Among the d.c. motors, the series motors, and cumulative compound motors are most preferred for crane operations. The motors have good starting torque, high torque capacity at light loads, the simple arrangement of braking, electric braking at low speeds is possible. The only disadvantage is that the motors are less stable while the regenerative braking. So additional stabilizing circuits are necessary. Advances made in the technology of solid-state devices have enabled the use of thyristor converters and choppers for driving the d.c. motors used in cranes and hoists with good accuracy, reliability, and efficiency.

⇒ The characteristics of cumulative compound motor lie between those of shunt and series motors. The series field provides a high starting torque and the shunt field prevents overrunning in the no-load condition.

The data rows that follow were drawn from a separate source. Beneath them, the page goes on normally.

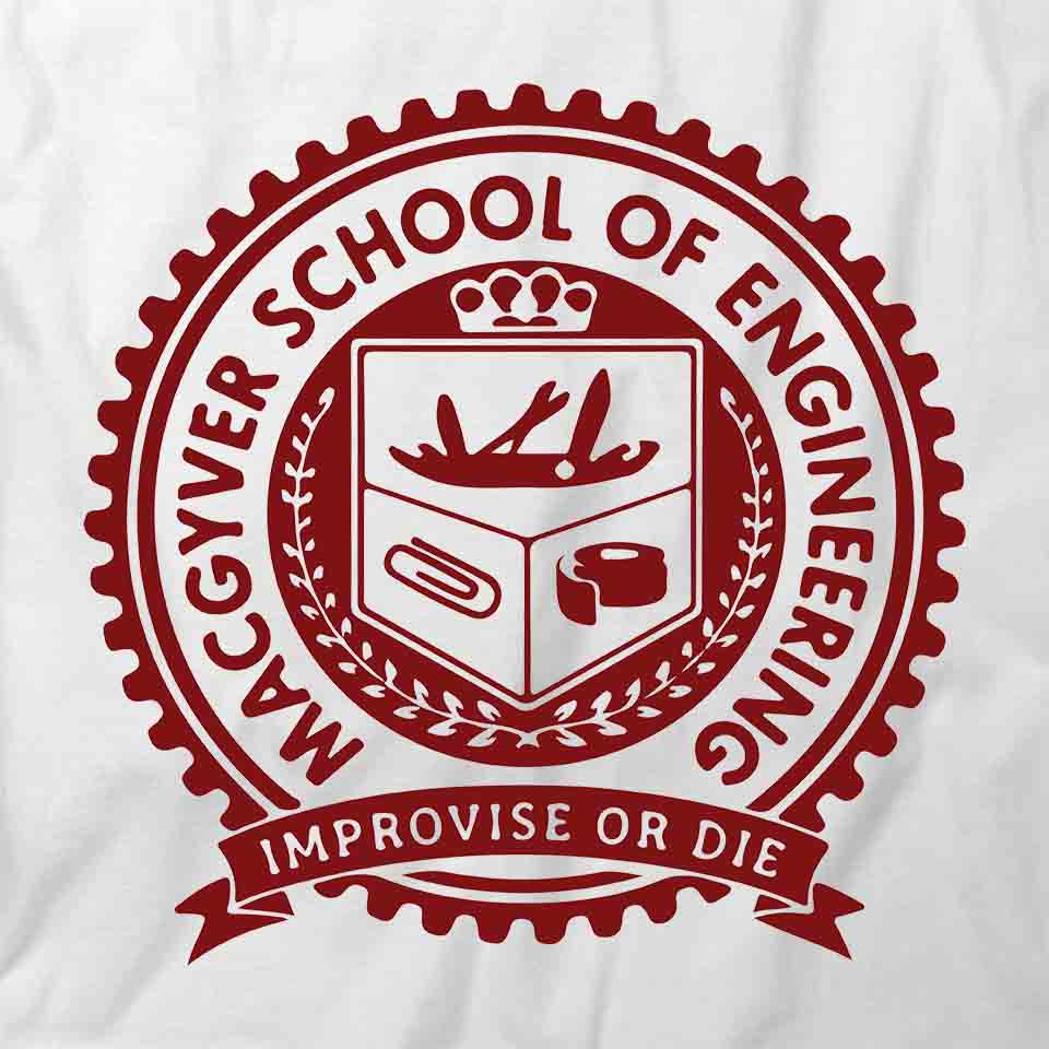 The Macgyver School of Engineering T-Shirt is a great conversation starter. Our Macgyver School of Engineering T-Shirt is soft, comfortable, and stylish. And the design is crisp, clear, and durable.
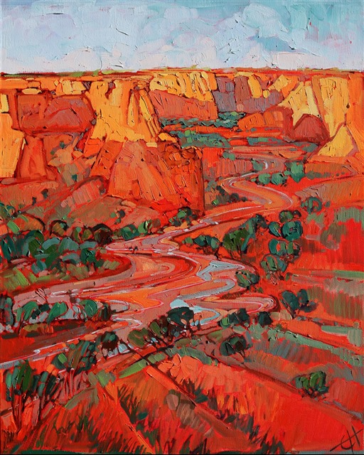 Canyon de Chelly has amazing sunrises, the cadmium sun rays slowly rising over the edge of the canyon, casting long shadows across the lush green canyon floor. The brush strokes in this painting are alive with texture and motion, vibrant with colors that stir the senses.
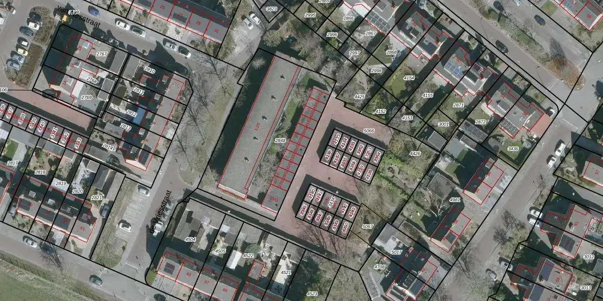 Het perceel waarop de Vriesstraat 35-G staat heeft een oppervlakte van 1420 m². Dit is een zeer groot perceel. De perceeloppervlakte wordt geregistreerd door het Kadaster. Gedetailleerde informatie over de maten van dit perceel kunt u vinden in het rapport Kadastrale kaart met maatvoering van de Vriesstraat 35-G.

These motors are used for drives where high starting torque is required with the probability of the load being totally removed such as punch, press, shears, planning machine, conveyors, crushers, bulldozers, lid haulage gears, mine hoist, power fans, rolling mills, stamping press, and the large printing press.

⇒ In SLIP RING induction motor the ends of the rotor windings are externally connected by a variable rheostat (resistance is varied in order to give it proper starting and running current). So more the resistance, more the torque. When we add resistance to the rotor the torque is high, the slip is high and the current is reduced.

With the correct value of (usually) resistance inserted in the rotor circuit, a near-unity relationship between torque and supply current at the start can be achieved, such as 100%full load torque (FLT), with 100% full load current (FLC) and 200% FLT with 200 percent FLC. This is comparable with the starting capability of the dc machine.

Not only high starting efficiency but also smoothly controlled acceleration historically gave the slip ring motor great popularity for lift, hoist, and crane applications.

Ward Leonard system is commonly employed for elevators, hoists, and main drive in steel mills, as this method can give unlimited speed control in either direction. Since the generator voltage can be varied gradually from zero, no extra starting equipment is required to start up the main motor smoothly.